Last Tuesday, the Supreme Court heard argument in Smith v. Spisak, a capital habeas case on the issue of whether a jury must find unanimity on a mitigating factors before deciding whether to impose a death penalty. The transcript of the oral argument is here (courtesy of SCOTUSblog).
Since the core of the case focuses on capital sentencing issues, it won't have much application to habeas petitions in New York. But I have previously noted around here that Musladin (i.e. the diminishing range of what constitutes "clearly established law") may rear its ugly head in this case so it was worthwhile to pay some attention to it.
Over the weekend (and again this morning), I read the transcript of the oral argument. The State of Ohio did make the Musladin argument, but no judge really followed up on it. Instead, a more fundamental issue concerning clearly established law came up. The substantive argument in Spisak relies upon the Supreme Court decision of Mills v. Maryland. Apparently, that case was decided by the Supreme Court after the State Supreme Court decision (and the state court's denial of reargument) and before cert. was denied. At the argument, Judge's Sotomayor, Alito and Scalia questioned both sides as to whether Mills should even be considered clearly established law in the case as it was decided after the state court could act in the case. Essentially, the point, which has its logic, is that how can Mills apply if the state court was never given an opportunity to apply it.

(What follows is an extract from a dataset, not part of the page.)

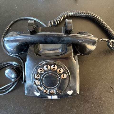 Flott og sjelden bordtelefon fra Elektrisk Bureau (EB), trolig fra 1930- eller 40-tallet. Et ikonisk design i sort bakelitt med dreieskive – perfekt som dekorasjon eller til en samling.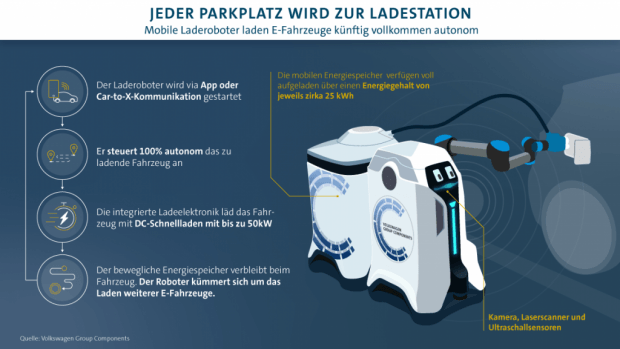 Volkswagen setzt so konsequent wie kein anderer deutscher Autobauer auf die Elektrifizierung des Straßenverkehrs. Mit dem VW ID.3 soll in naher Zukunft sogar ein Elektroauto für unter 30.000 Euro auf den Markt kommen. Zahlreiche Studien haben aber gezeigt, dass die Entscheidung für oder gegen ein Fahrzeug mit Elektromotor keineswegs nur vom Preis abhängt. Vielmehr verweisen viele potentielle Käufer auch auf die bisher nur mangelhaft ausgebaute Infrastruktur. Es ist daher nicht verwunderlich, dass Volkswagen auch in diesem Bereich viele Anstrengungen unternimmt. Ein Beispiel dafür: Der Konzern hat einen mobilen und autonomen Laderoboter entwickelt, der beispielsweise in Parkhäusern stets für volle Batterien in den parkenden Autos sorgen könnte. Bild: Volkswagen Der Roboter wird per App zum Einsatz gerufen Grundsätzlich besteht die Idee dahinter zunächst einmal darin, nicht jeden einzelnen Parkplatz mit einer Ladestation auszustatten. Dies soll die Kosten niedrig halten. Stattdessen werden einzelne Batterien zentral an einem Ort aufgeladen, wie dies beispielsweise auch mit den Akkus von Gabelstaplern in vielen Lagerhallen passiert. Dort allerdings muss der Fahrer den Akku im Bedarfsfall von Hand austauschen. Dies ist bei den deutlich schwereren Batterien von Elektroautos keine Option. Stattdessen hat sich Volkswagen eine clevere Alternative einfallen lassen. So kann der Fahrer die Aufladung des Fahrzeugs per App in die Wege leiten. Anschließend macht sich ein autonomer Roboter auf den Weg, schnappt sich eine der Batterien und fährt diese zum Zielauto. Mit dem Laden des Videos akzeptieren Sie die Datenschutzerklärung von YouTube.Mehr erfahren Video laden YouTube immer entsperren Das System ist unter anderem für Parkhäuser gedacht Dort verbindet er dann per Stecker den geladenen Akku mit dem Fahrzeug und startet so den Ladevorgang. Nach dessen Abschluss verläuft der Vorgang dann in umgekehrter Reihenfolge: Der Roboter zieht den Stecker, bringt die Batterie zurück zur Ladestation und schließt diese dort wieder an. Im besten Fall muss der Fahrer des Autos also nicht mehr machen, als einen Knopf auf dem Smartphone zu drücken. Grundsätzlich ist das System daher gut geeignet, um auf Flächen mit vielen Stellplätzen auf wenig Raum eine flächendeckende Versorgung zu gewährleisten. Noch ist aber unklar, wann die ersten Kunden den Service tatsächlich nutzen können werden. Denn bisher hat Volkswagen noch keinen Termin für eine erste öffentliche Installation bekannt gegeben. Via: Electrek Teile den Artikel oder unterstütze uns mit einer Spende. Facebook Facebook Twitter Twitter WhatsApp WhatsApp Email E-Mail Newsletter

The question caught the State attorney off guard a little, even though it was favorable, since it seems as if it had always been all parties belief that Mills applied to the case. In response, counsel for habeas did make the important point that Teague set the point in time for when Supreme Court cases apply on collateral review, which was when review by the Supreme Court had ended. And Justice O'Connor stated in Williams v. Taylor, the first real significant case interpreting the meaning of the AEDPA, that the meaning of clearly established law will be set using the same rules as those in Teague.
The issue kind of petered out after counsel made this point. But could the Supreme Court be pulling back on the meaning of clearly established law again? Are they going to conclude that clearly established law is the law in place at the final moment that the state court can act in the case, as opposed to the conclusion of review by the Supreme Court?
If I had to guess I'd say no. But it certainly is something that bears watching.